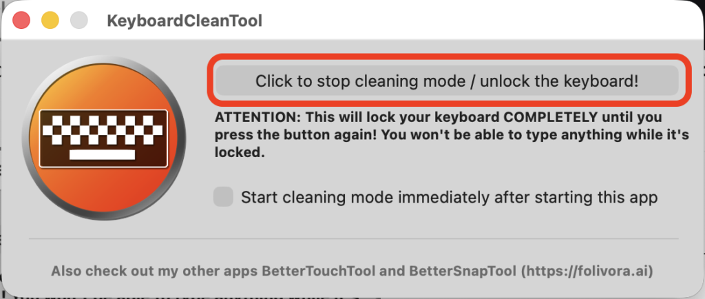 KeyboardCleanToolは、キーボード掃除のために キーボード入力を一時的にブロックできるMac向けツールです。
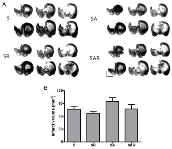To determine the effects of TST and 5-Aza-dC on ischemic injury, we examined infarction volume using Nissl staining. Infarct volume in the SR, SA, and SAR groups did not differ from that observed in the stroke control group (S) (p = 0.895, n = 6, Figure 4A,B).
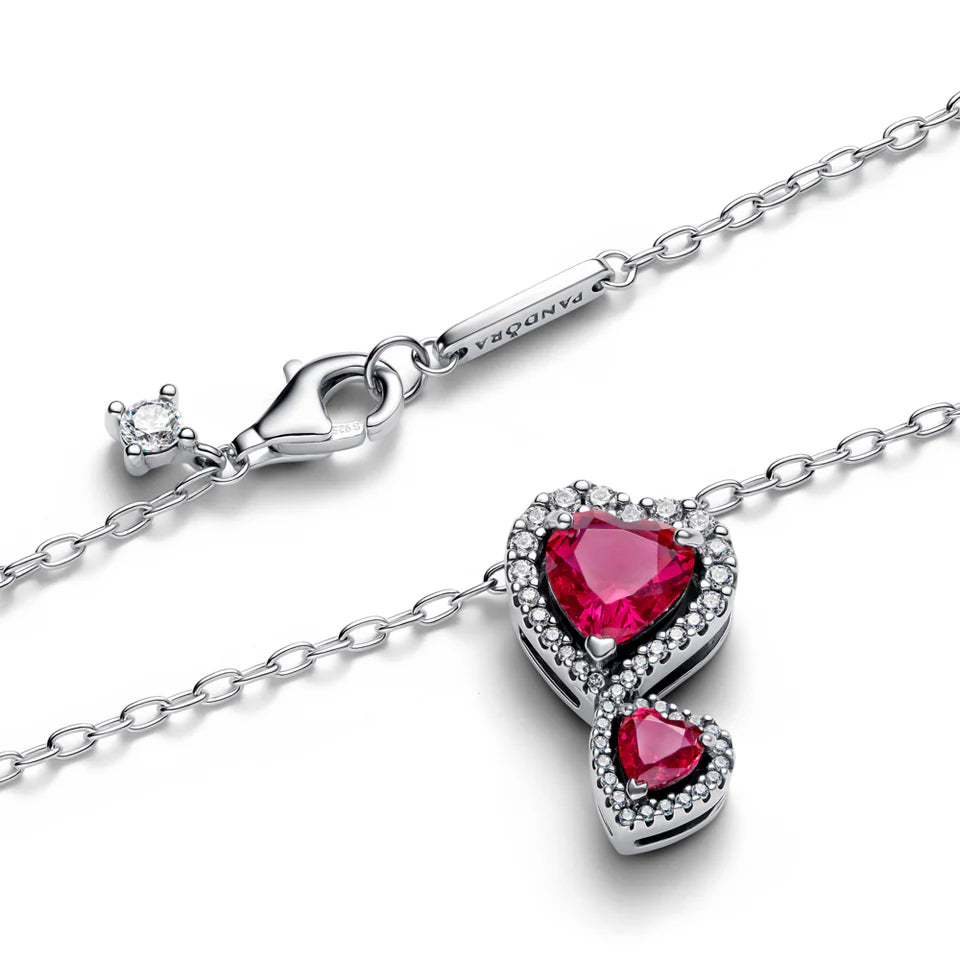 Pandora Red Halo Hearts Pendant Necklace
********************
## EXERCISE INSTRUCTIONS
Copy each line above exactly. Images do not belong in the copy.

## TASK RESULT
 KeyboardCleanToolは、キーボード掃除のために キーボード入力を一時的にブロックできるMac向けツールです。
To determine the effects of TST and 5-Aza-dC on ischemic injury, we examined infarction volume using Nissl staining. Infarct volume in the SR, SA, and SAR groups did not differ from that observed in the stroke control group (S) (p = 0.895, n = 6, Figure 4A,B).
 Pandora Red Halo Hearts Pendant Necklace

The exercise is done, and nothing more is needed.